Infosys has received a penalty of 97,035 Singapore dollars (over INR 66 lakh) from Singapore's tax authority for alleged delays in Goods and Services Tax (GST) payments for the April-June 2025 period. The company, which received the order on August 13, stated that the penalty does not have a material impact on its financials. In a separate development, Infosys also announced it will acquire a 75 percent stake in Versent Group, a subsidiary of Australian telecom company Telstra, for AUD 233.25 million (about INR 1,336 crore). This acquisition is part of a strategic collaboration to provide AI-enabled cloud and digital solutions for Australian businesses.
Infosys, a global IT company, has been fined by the Inland Revenue Authority of Singapore (IRAS). The tax authority has imposed a penalty of 97,035 Singapore dollars, which is over INR 66 lakh, on the company for an alleged delay in Goods and Services Tax (GST) payments for the period of April to June 2025. The order was communicated to the company on August 13, 2025.
In a separate development, Infosys also announced that it plans to acquire a 75 percent stake in Versent Group, a wholly-owned subsidiary of Australian telecom company Telstra, for AUD 233.25 million (about INR 1,336 crore). The acquisition is part of a strategic collaboration to form a joint venture to provide AI-enabled cloud and digital solutions for Australian businesses. This is a significant strategic move for the company to expand its AI-led strategy and deliver advanced cloud and digital solutions.
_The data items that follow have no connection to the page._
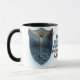Taza azul del fútbol de la fantasía del delfín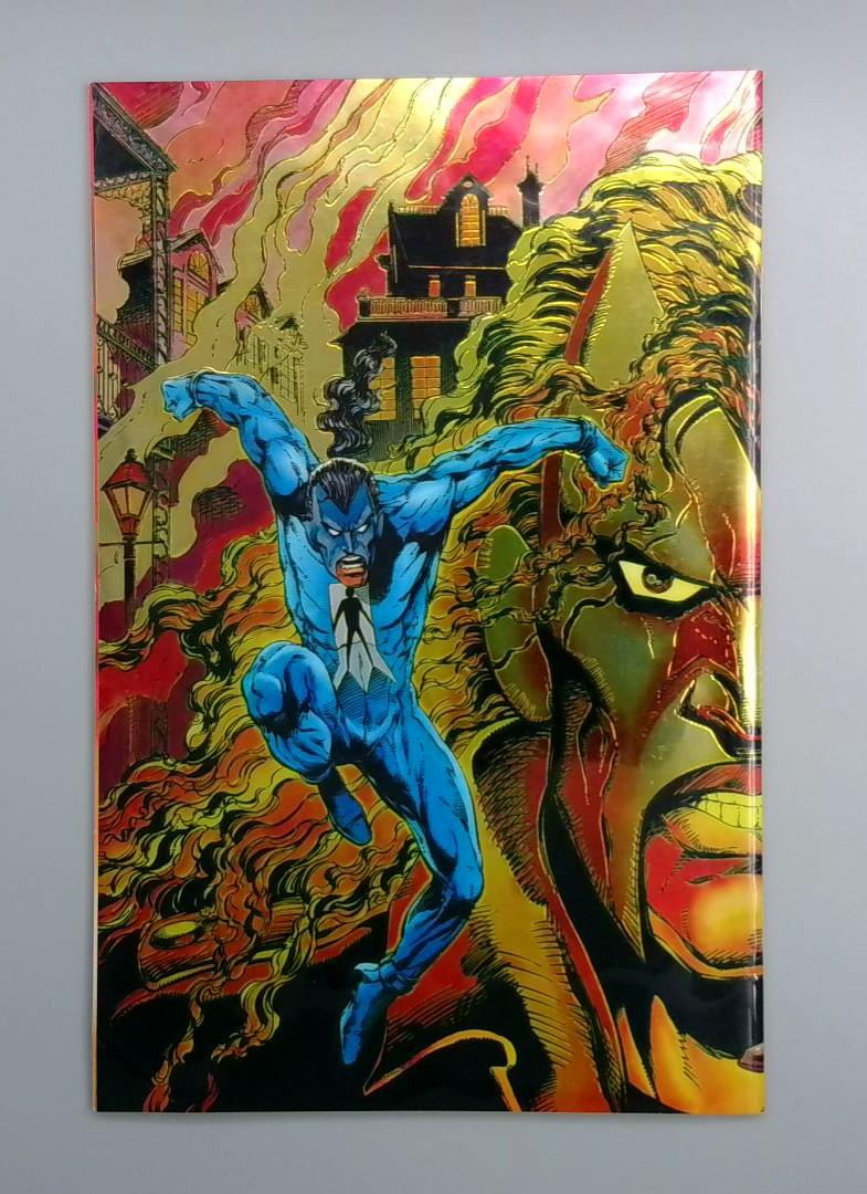 Keywords: Shadowman Valiant Comics comic book supernatural hero 1994 origin story urban landscape mystical elements striking artwork blue costume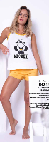 Майка с округлым вырезом горловины. Горловина и проймы рукавов отделаны контрастной желтой бейкой. Декорирова апликацией и вышивкой. На спине небольшая апликация, дублирующая рисунок спереди. Небольшие разрезы по бокам. Шорты из желтого футурированного хлопка с бейкой в тон. Пояс на резинке с регулируемой кулиской.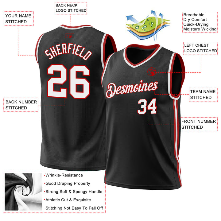 Custom Black White-Red Authentic Throwback Basketball Jersey
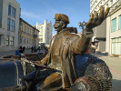 Уже после первой части реконструкции на ней стали появляться разные скульптуры. Ну а какой памятник должен стоять у банка (нынешний адрес здания Русско-Азиатского банка - Вайнера 24)? Естественно, памятник банкиру, который и появился в 2006 году. Выглядит он вполне импозантно: костюм-тройка, сюртук, и, естественно, шляпа-цилиндр и трость.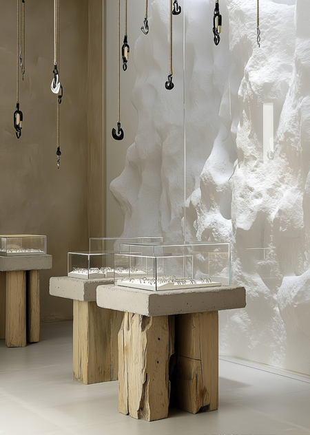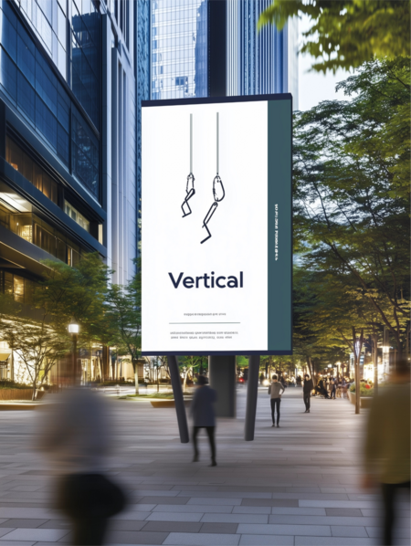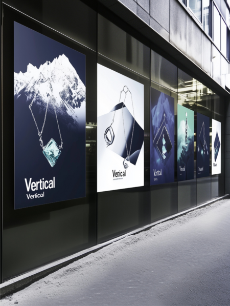 /imagine: Realistic scene with paper posters on the walls for the jewelry store «Vertical», inspired not only by the external forms of mountaineering equipment, but also by its philosophy. «Vertical» symbolizes the struggle for balance, striving upwards and awareness of each step. The jewelry emphasizes not only the strength of the climber, but also the beauty of his path: from difficult decisions to the joy of the conquered summit. Minimalistic vector design with bold, clean typography and abstract shapes of mountains, jewelry and ornaments in the form of mountaineering equipment, deep blue, green and white colors placed on a street wall, soft diffused lighting, ultra-HD quality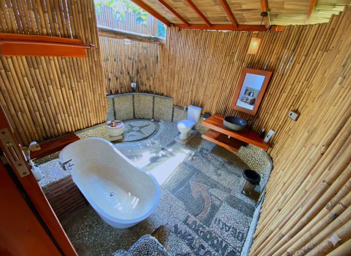 Indulge in elevated comfort and tranquility at the Degung Executive Suite Bungalow, an exclusive eco-retreat often described as a little Garden of Eden in the heart of Batukaras Village. Hidden among lush jungle trees and tropical gardens, this bungalow offers a refined escape for guests seeking privacy, serenity, and natural elegance.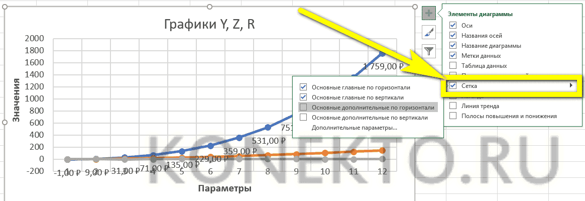 - Сетка, позволяющая найти значения графика в каждой точке, с помощью того же меню можно полностью удалить или добавить основные и вспомогательные знаки.

According to Singapore's tax laws, the payment of GST is due within one month after the end of the accounting period. The penalty for late payment is a 5% surcharge on the outstanding tax. The IRAS also conducts regular audits to ensure compliance. The Singapore government aims to use GST to lower corporate income taxes and increase foreign direct investment, and has signed a Double Tax Avoidance Agreement (DTAA) with India to help companies avoid paying double taxes.
Infosys has clarified in a regulatory filing that the penalty, which relates to its GST obligations in Singapore, does not have any material impact on its financial position, operations, or other activities. The company, which is headquartered in Bengaluru, has a strong presence in Singapore and other parts of the world, with its diverse portfolio of services including AI-enabled cloud, data, and digital consulting.